Task description:
Print the data exactly. Omit the pictures.

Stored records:
==================================================
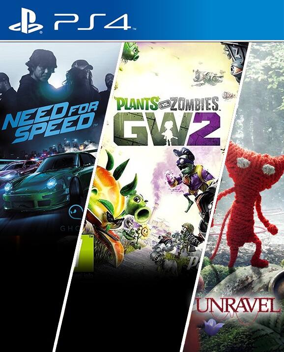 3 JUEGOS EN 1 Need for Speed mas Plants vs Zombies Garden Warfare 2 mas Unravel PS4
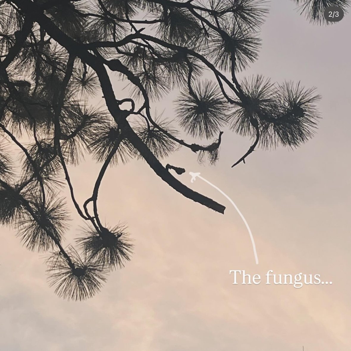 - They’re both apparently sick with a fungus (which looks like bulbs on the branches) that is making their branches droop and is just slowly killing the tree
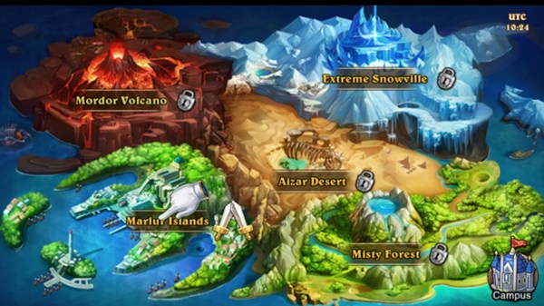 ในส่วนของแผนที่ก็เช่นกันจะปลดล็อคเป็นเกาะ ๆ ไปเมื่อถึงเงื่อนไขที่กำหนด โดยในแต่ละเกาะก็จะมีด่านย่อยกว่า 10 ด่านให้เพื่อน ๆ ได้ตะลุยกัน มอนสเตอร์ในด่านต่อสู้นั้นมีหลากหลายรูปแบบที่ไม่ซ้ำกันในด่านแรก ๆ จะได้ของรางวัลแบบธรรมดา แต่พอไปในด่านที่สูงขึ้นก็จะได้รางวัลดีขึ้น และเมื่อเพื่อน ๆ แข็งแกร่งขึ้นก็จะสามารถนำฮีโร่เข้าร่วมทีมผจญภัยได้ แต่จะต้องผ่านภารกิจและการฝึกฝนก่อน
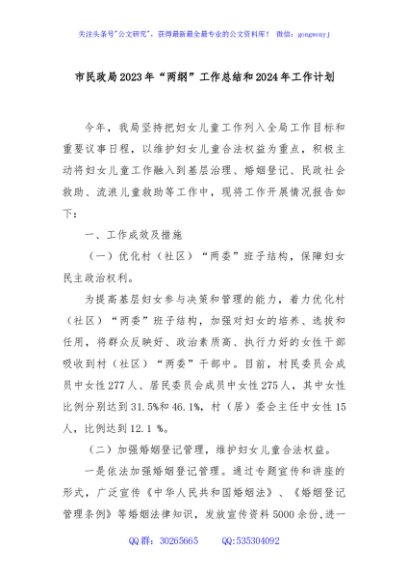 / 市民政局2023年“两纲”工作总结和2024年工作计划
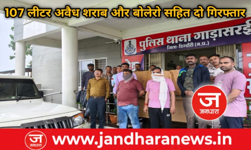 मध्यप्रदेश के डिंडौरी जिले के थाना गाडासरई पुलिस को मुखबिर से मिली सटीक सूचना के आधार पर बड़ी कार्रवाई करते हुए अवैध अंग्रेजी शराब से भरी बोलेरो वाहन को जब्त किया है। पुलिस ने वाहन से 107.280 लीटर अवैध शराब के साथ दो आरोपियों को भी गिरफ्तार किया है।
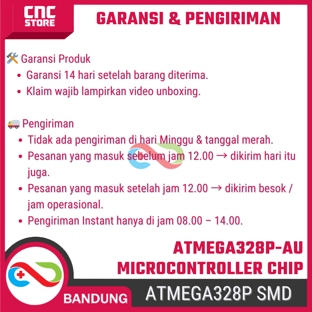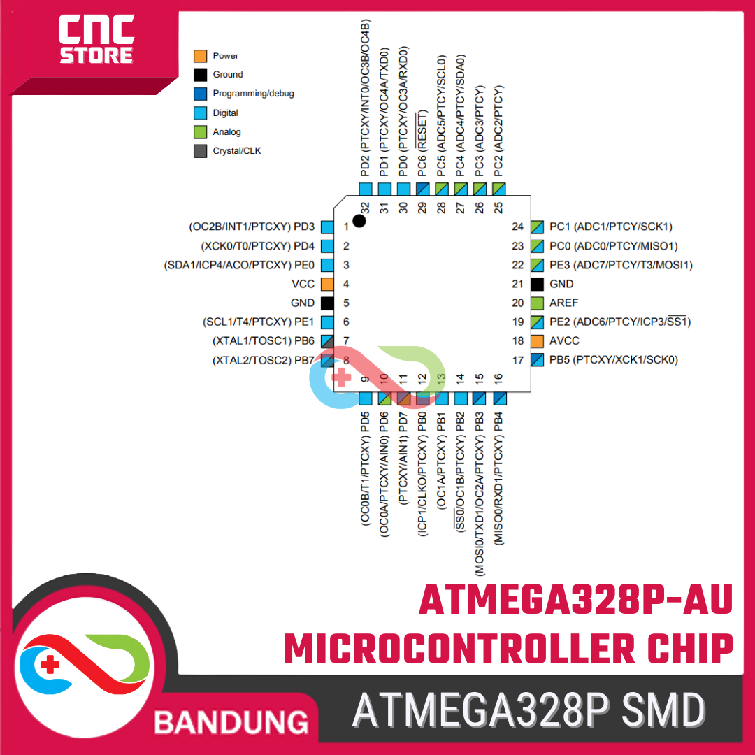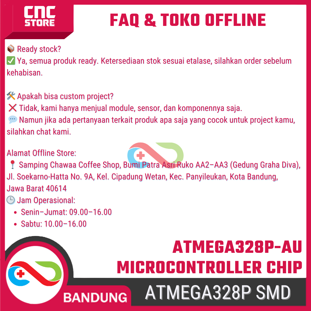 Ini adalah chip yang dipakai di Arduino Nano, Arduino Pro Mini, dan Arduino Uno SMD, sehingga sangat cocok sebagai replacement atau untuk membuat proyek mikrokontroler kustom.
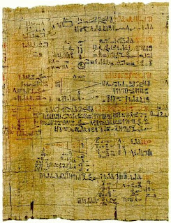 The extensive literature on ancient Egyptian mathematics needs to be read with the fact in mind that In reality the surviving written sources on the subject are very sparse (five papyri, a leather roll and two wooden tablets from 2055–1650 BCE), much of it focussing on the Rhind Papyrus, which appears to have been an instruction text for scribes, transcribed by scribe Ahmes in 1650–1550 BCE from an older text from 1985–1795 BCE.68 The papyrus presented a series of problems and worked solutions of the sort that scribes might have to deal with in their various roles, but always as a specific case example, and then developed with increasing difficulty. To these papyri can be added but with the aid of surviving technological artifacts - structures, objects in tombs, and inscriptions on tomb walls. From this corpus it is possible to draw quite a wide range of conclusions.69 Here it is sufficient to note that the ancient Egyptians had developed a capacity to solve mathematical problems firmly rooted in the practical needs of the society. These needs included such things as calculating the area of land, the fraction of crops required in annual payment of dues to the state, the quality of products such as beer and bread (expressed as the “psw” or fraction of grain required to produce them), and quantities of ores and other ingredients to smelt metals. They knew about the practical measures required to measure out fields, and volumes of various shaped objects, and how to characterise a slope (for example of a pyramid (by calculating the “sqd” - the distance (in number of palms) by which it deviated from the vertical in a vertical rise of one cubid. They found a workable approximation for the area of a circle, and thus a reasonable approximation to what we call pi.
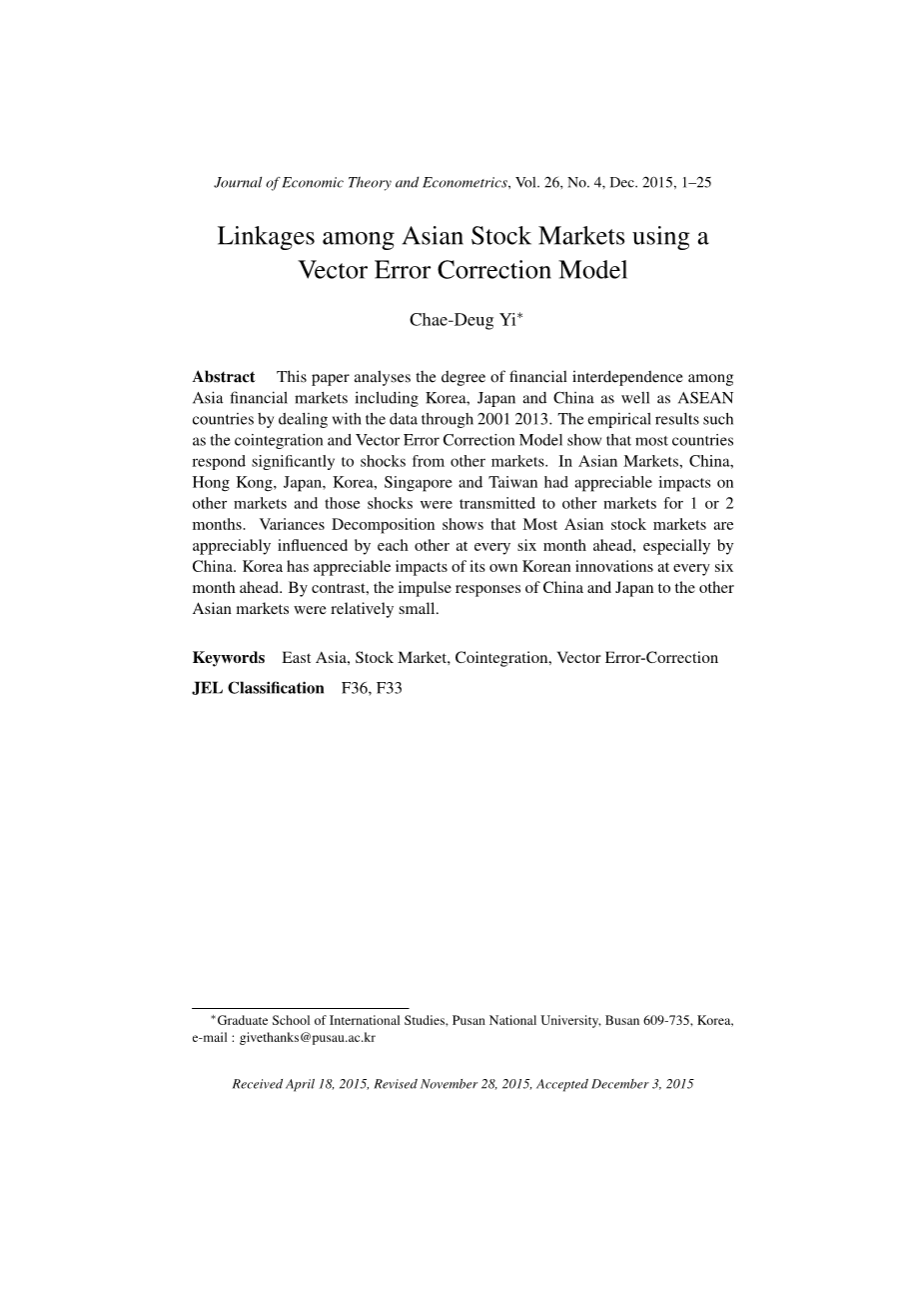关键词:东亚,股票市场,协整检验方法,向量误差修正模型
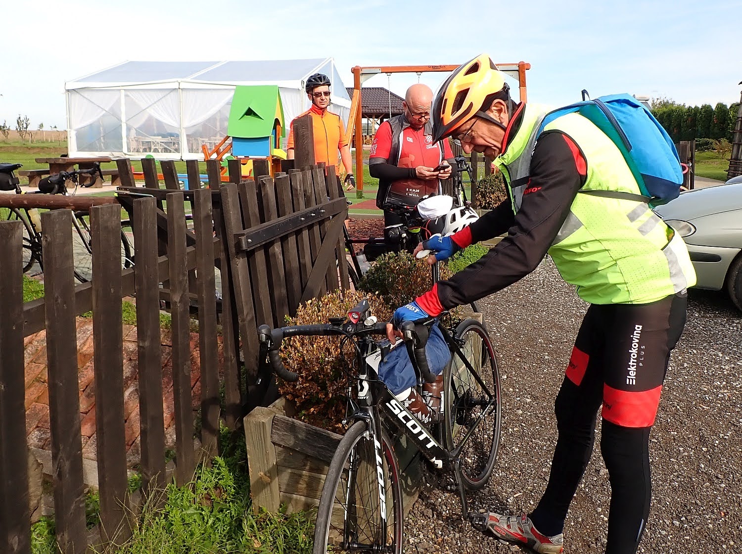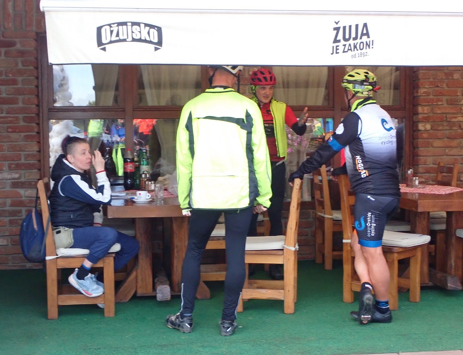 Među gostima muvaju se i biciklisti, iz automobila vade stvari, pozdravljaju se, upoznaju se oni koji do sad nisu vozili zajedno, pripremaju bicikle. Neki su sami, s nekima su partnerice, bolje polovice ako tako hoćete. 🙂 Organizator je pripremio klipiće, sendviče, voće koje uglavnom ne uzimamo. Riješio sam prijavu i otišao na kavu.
==================================================
Response to this exercise:
 3 JUEGOS EN 1 Need for Speed mas Plants vs Zombies Garden Warfare 2 mas Unravel PS4
 - They’re both apparently sick with a fungus (which looks like bulbs on the branches) that is making their branches droop and is just slowly killing the tree
 ในส่วนของแผนที่ก็เช่นกันจะปลดล็อคเป็นเกาะ ๆ ไปเมื่อถึงเงื่อนไขที่กำหนด โดยในแต่ละเกาะก็จะมีด่านย่อยกว่า 10 ด่านให้เพื่อน ๆ ได้ตะลุยกัน มอนสเตอร์ในด่านต่อสู้นั้นมีหลากหลายรูปแบบที่ไม่ซ้ำกันในด่านแรก ๆ จะได้ของรางวัลแบบธรรมดา แต่พอไปในด่านที่สูงขึ้นก็จะได้รางวัลดีขึ้น และเมื่อเพื่อน ๆ แข็งแกร่งขึ้นก็จะสามารถนำฮีโร่เข้าร่วมทีมผจญภัยได้ แต่จะต้องผ่านภารกิจและการฝึกฝนก่อน
 / 市民政局2023年“两纲”工作总结和2024年工作计划
 मध्यप्रदेश के डिंडौरी जिले के थाना गाडासरई पुलिस को मुखबिर से मिली सटीक सूचना के आधार पर बड़ी कार्रवाई करते हुए अवैध अंग्रेजी शराब से भरी बोलेरो वाहन को जब्त किया है। पुलिस ने वाहन से 107.280 लीटर अवैध शराब के साथ दो आरोपियों को भी गिरफ्तार किया है।
 Ini adalah chip yang dipakai di Arduino Nano, Arduino Pro Mini, dan Arduino Uno SMD, sehingga sangat cocok sebagai replacement atau untuk membuat proyek mikrokontroler kustom.
 The extensive literature on ancient Egyptian mathematics needs to be read with the fact in mind that In reality the surviving written sources on the subject are very sparse (five papyri, a leather roll and two wooden tablets from 2055–1650 BCE), much of it focussing on the Rhind Papyrus, which appears to have been an instruction text for scribes, transcribed by scribe Ahmes in 1650–1550 BCE from an older text from 1985–1795 BCE.68 The papyrus presented a series of problems and worked solutions of the sort that scribes might have to deal with in their various roles, but always as a specific case example, and then developed with increasing difficulty. To these papyri can be added but with the aid of surviving technological artifacts - structures, objects in tombs, and inscriptions on tomb walls. From this corpus it is possible to draw quite a wide range of conclusions.69 Here it is sufficient to note that the ancient Egyptians had developed a capacity to solve mathematical problems firmly rooted in the practical needs of the society. These needs included such things as calculating the area of land, the fraction of crops required in annual payment of dues to the state, the quality of products such as beer and bread (expressed as the “psw” or fraction of grain required to produce them), and quantities of ores and other ingredients to smelt metals. They knew about the practical measures required to measure out fields, and volumes of various shaped objects, and how to characterise a slope (for example of a pyramid (by calculating the “sqd” - the distance (in number of palms) by which it deviated from the vertical in a vertical rise of one cubid. They found a workable approximation for the area of a circle, and thus a reasonable approximation to what we call pi.
关键词:东亚,股票市场,协整检验方法,向量误差修正模型
 Među gostima muvaju se i biciklisti, iz automobila vade stvari, pozdravljaju se, upoznaju se oni koji do sad nisu vozili zajedno, pripremaju bicikle. Neki su sami, s nekima su partnerice, bolje polovice ako tako hoćete. 🙂 Organizator je pripremio klipiće, sendviče, voće koje uglavnom ne uzimamo. Riješio sam prijavu i otišao na kavu.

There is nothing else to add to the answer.